┌─ Exercise data

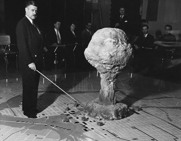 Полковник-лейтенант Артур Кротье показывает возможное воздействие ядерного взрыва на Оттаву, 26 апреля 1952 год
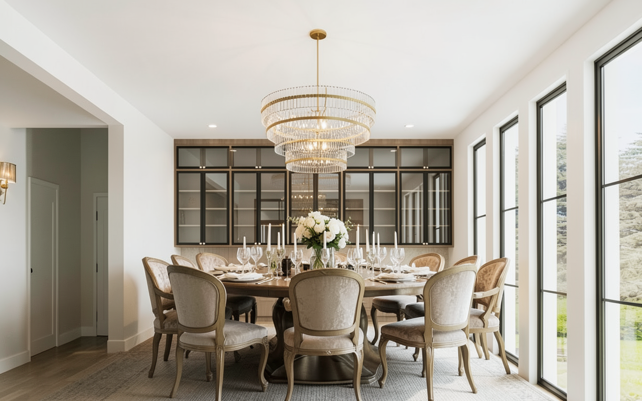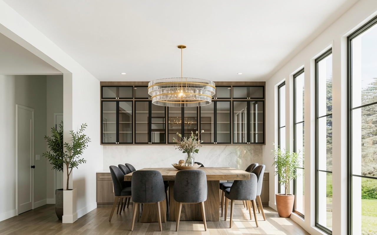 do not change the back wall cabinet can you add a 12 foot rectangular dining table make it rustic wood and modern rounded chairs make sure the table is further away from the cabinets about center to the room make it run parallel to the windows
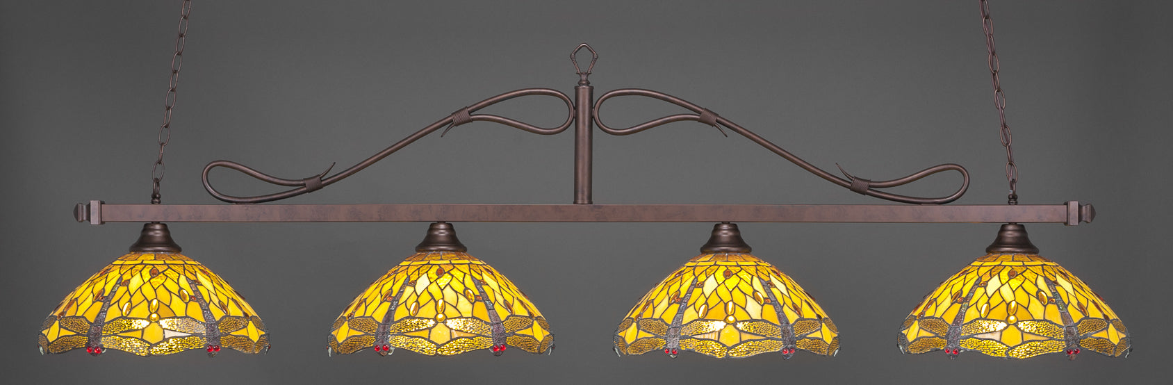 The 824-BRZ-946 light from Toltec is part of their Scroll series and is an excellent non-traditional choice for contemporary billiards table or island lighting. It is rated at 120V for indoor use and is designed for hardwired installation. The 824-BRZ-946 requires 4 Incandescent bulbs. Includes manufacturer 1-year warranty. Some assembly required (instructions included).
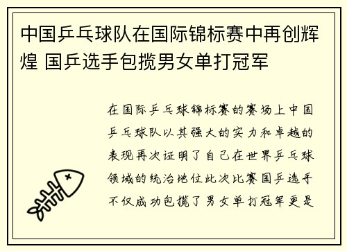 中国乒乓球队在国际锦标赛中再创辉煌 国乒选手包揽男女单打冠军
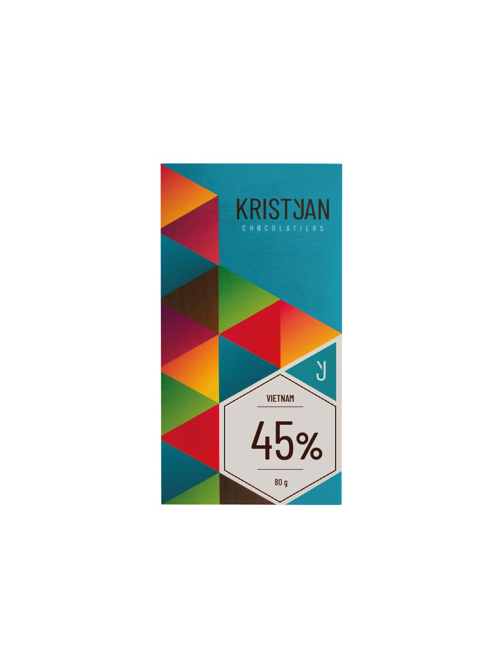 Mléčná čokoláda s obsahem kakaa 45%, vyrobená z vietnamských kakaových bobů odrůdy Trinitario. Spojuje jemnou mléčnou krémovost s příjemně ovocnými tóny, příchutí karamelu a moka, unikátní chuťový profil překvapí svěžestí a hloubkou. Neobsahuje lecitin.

└─

Exact copy, pictures excluded: from the line with "do not change" up to and including the line with "中国乒乓球队在国际锦标赛中再创辉煌 国乒选手包揽男女单打冠军" in the data above.

 do not change the back wall cabinet can you add a 12 foot rectangular dining table make it rustic wood and modern rounded chairs make sure the table is further away from the cabinets about center to the room make it run parallel to the windows
 The 824-BRZ-946 light from Toltec is part of their Scroll series and is an excellent non-traditional choice for contemporary billiards table or island lighting. It is rated at 120V for indoor use and is designed for hardwired installation. The 824-BRZ-946 requires 4 Incandescent bulbs. Includes manufacturer 1-year warranty. Some assembly required (instructions included).
 中国乒乓球队在国际锦标赛中再创辉煌 国乒选手包揽男女单打冠军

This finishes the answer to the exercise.